In the genetic assessment for the predisposition to celiac disease (a disease defined as villous atrophy and inflammation of the small intestine resulting from gluten sensitivity – the immune response to dietary gluten), the heterodimer HLA-DQA1*0501 and HLA-DQB1*0201 is one of the main genes required to develop the tissue lesion of celiac disease. However, it appears from research studies that HLA-DQ1, HLA-DQ2, and HLA-DQ3 can all lead to immune reactions to gluten (i.e., gluten sensitivity) even in the absence of intestinal villous atrophy. Non-celiac gluten sensitivity syndromes are no less severe than ones accompanied by villous atrophy, in terms of symptoms they may cause, accompanying autoimmune diseases in other parts of the body, and resultant disability. Thus, it is more important to assess for genetic predisposition to the underlying immune reactivity to gluten itself than just the one clinical form called celiac disease. Furthermore, fecal analysis cannot diagnose celiac disease, therefore EnteroLab makes no such claims of doing so.
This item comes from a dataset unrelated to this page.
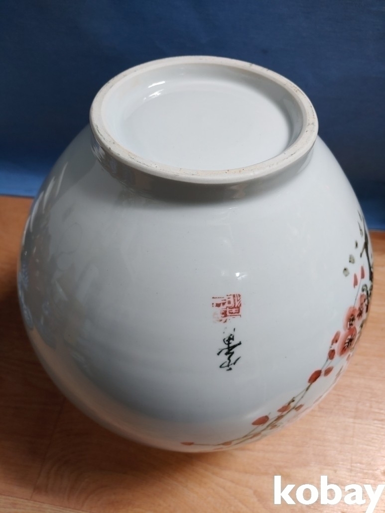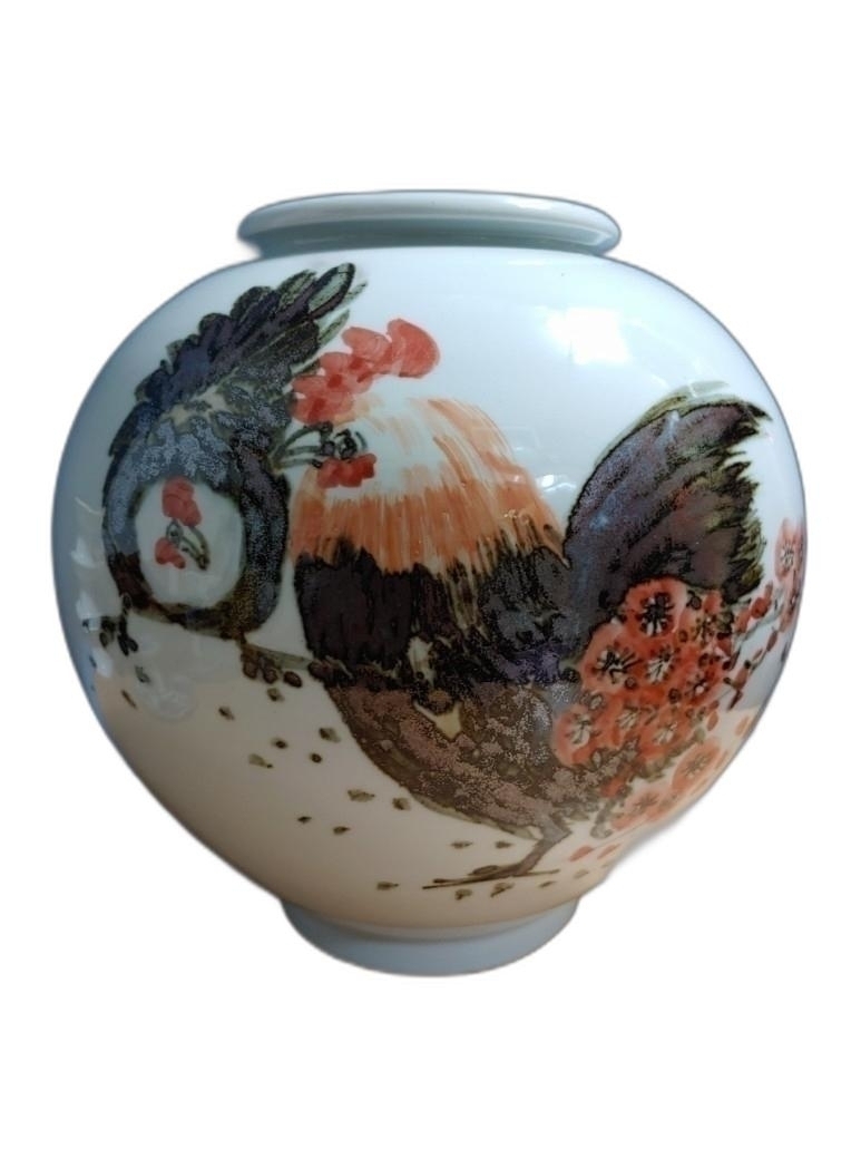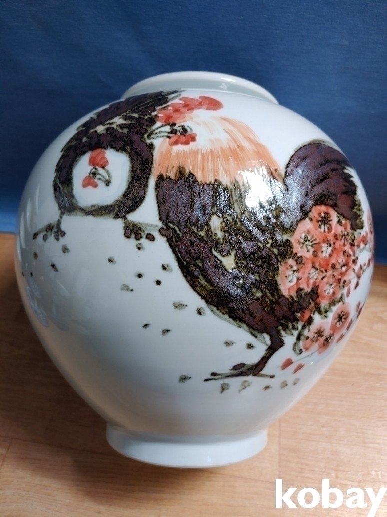 철화로 닭과 매화 꽃을 표현한 도자기 입니다.

In weighing the potential clinical benefit to our clients of adding HLA-DQA1 locus typing (to our current practice of typing only the HLA-DQB1 locus) versus the almost doubling of cost and price, we have found through internal research that the frequency wherein HLA-DQ2 positivity is the celiac-related DQB1*0201 allele verses the non celiac 0202, 0203, 0204, or 0205 alleles is overwhelming in favor of the celiac 0201 (and we now even separate these subtypes). By linkage dysequilibrium, HLA-DQA1*0501 will usually accompany HLA-DQB1*0201. Furthermore, HLA-DQB1*0202 can cause celiac as well. The presence of HLA-DQ2 assessed serologically (functional presence of any DQ2 gene product) has always shown itself to be able to bind gliadin, and therefore predispose to gluten sensitivity (even if someone did not develop celiac disease/villous atrophy). For these three reasons (the overwhelming prevalence of the 0201 allele of DQ2 in our clientele, the linkage dysequilibrium of DQA1*0501 with DQB1*0201, and the greater importance of diagnosing the underlying immune reactivity to gluten, regardless of syndrome caused), we have decided to keep the price down for our clients and limit gene testing to the HLA-DQB1 locus. Finally, the treatment for gluten sensitivity and celiac disease is the same – complete-strict removal of gluten from the diet. The presence of any gene predisposing to immune reactivity to gluten (especially when accompanied by symptoms or an associated clinical syndrome) provides necessary information to the client to make an informed decision about whether or not to adopt a gluten-free diet.